We will continue to seek ways to improve our recruiting, and we welcome your thoughts on ways to make sure that everyone has an equal shot with Storj Labs. Again, if you have a suggestion on how we can improve, please let us know.
Each stage of our interview process takes work, so we want to quickly eliminate people from the process who aren't going to be the right fit for that position.
In our screening stage, we want to ensure there won't be some sort of logistical problem. Is the candidate requesting more compensation than we have budgeted for the position? Is the candidate applying for the right job listing? Is the candidate lacking relevant job experience entirely? Where does the candidate expect to work, and will it require a relocation? Does the candidate seem communicative and not a jerk? Can we answer any questions?
Hopefully most people sail on through this step.
Name-blind homework problem
This part of our interview process is the biggest, most time consuming, and potentially the most controversial, precisely because of how many trade-off decisions it makes.
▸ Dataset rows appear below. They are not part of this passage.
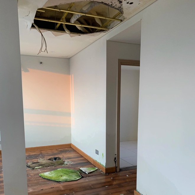 "Khi bàn giao thì phát hiện ra các lỗi, ban quản lý và chủ đầu tư đã nhận và hứa sửa chữa, đồng thời nhận chìa khóa quản lý bất động sản này. Tuy nhiên, trong quá trình chủ đầu tư sửa chữa, gia đình vô tình phát hiện ra tình trạng thủng trần", đại diện chủ hộ nói. Vị này thông tin thêm, bên cạnh đó, tiện ích khu dân cư 5 sao và quản lý vận hành vẫn còn bất cập. Thông tin kết nối giữa ban quản lý với đại diện chủ nhà còn chậm.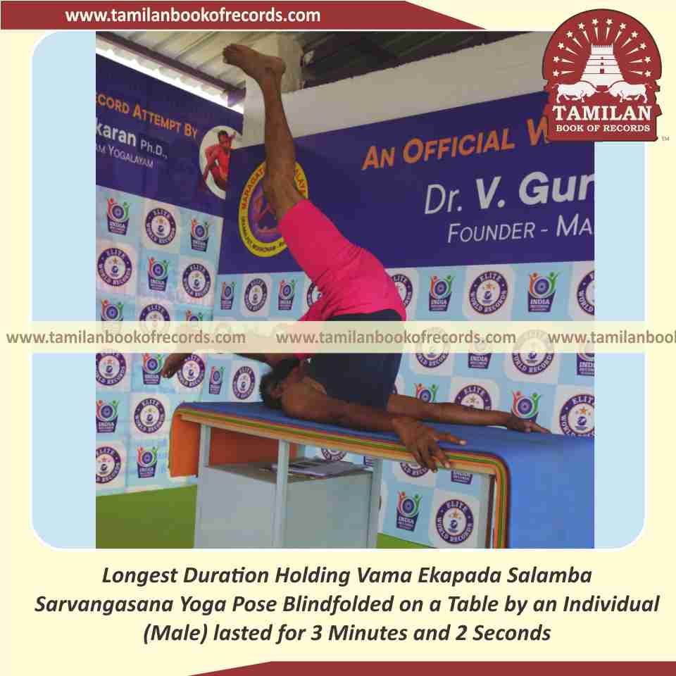 Longest Duration Holding Vama Ekapada Salamba Sarvangasana Yoga Pose Blindfolded on a Table by an Individual (Male)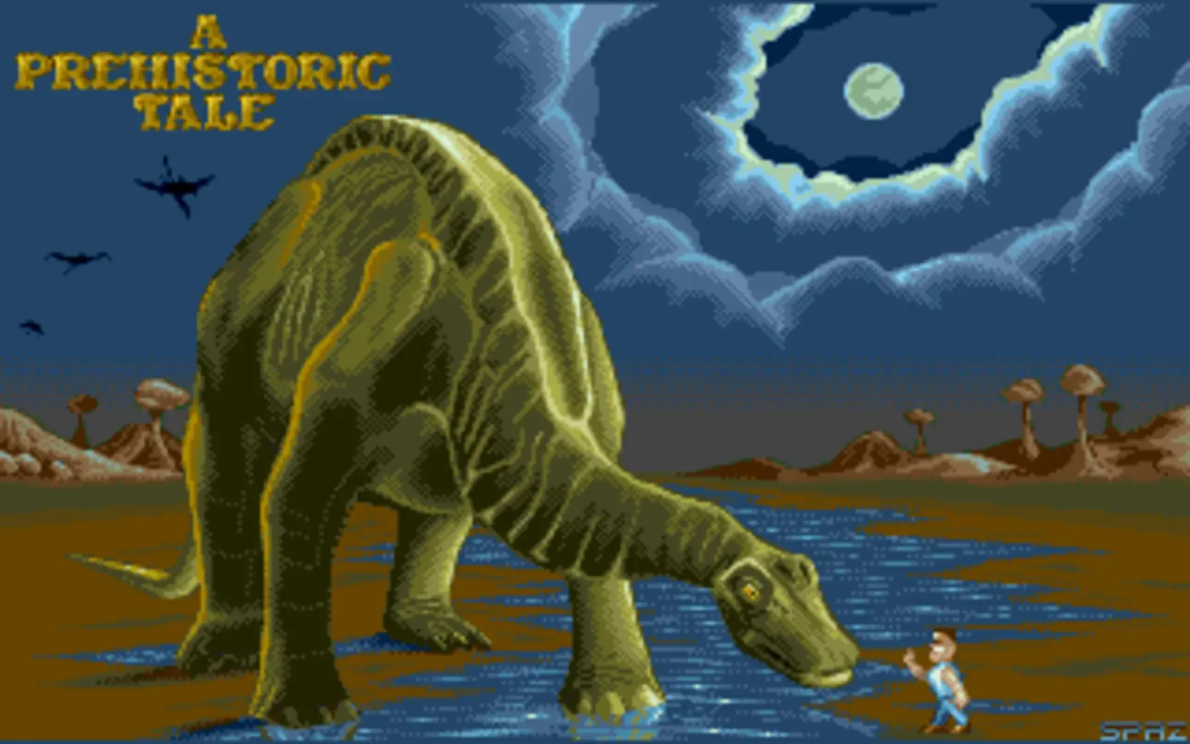 A Prehistoric Tale is a non-scrolling 2-D platformer. Kill enemies by jumping on them. Alternately, hatched dinosaurs can be temporarily caged by jumping over them. This game is essentially a remake of Dino Eggs for the Commodore 64.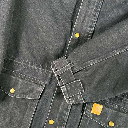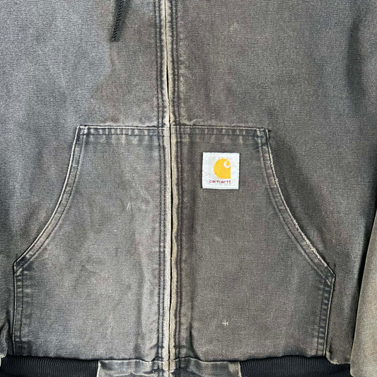 00s Carhartt Sun Faded Black/Grey Canvas Hooded Work Jacket- XL

So, before we jump into what the downsides are, and why we do it anyway, let me just outline what we do.
First, we invite candidates to an interview-specific Slack channel with a randomly chosen pseudonym. Originally we chose random animal species as part of the pseudonym, but we then switched to names of stars, because you're all stars! Interview candidates join the Slack channel to anonymously talk with the team.
Second, the hiring manager posts a link to a homework problem in the channel. We are trying to select a problem that:
- is clear and concise, but with deep complexity
- is fairly representative of day-to-day work
- is considerably challenging, but preferably not due to the requirement of much additional existing knowledge
- requires design discussion and architectural considerations prior to implementation
- can be completed by our target candidates in under eight hours
We don't set a deadline on the assignment because we want to be flexible with candidates' schedules.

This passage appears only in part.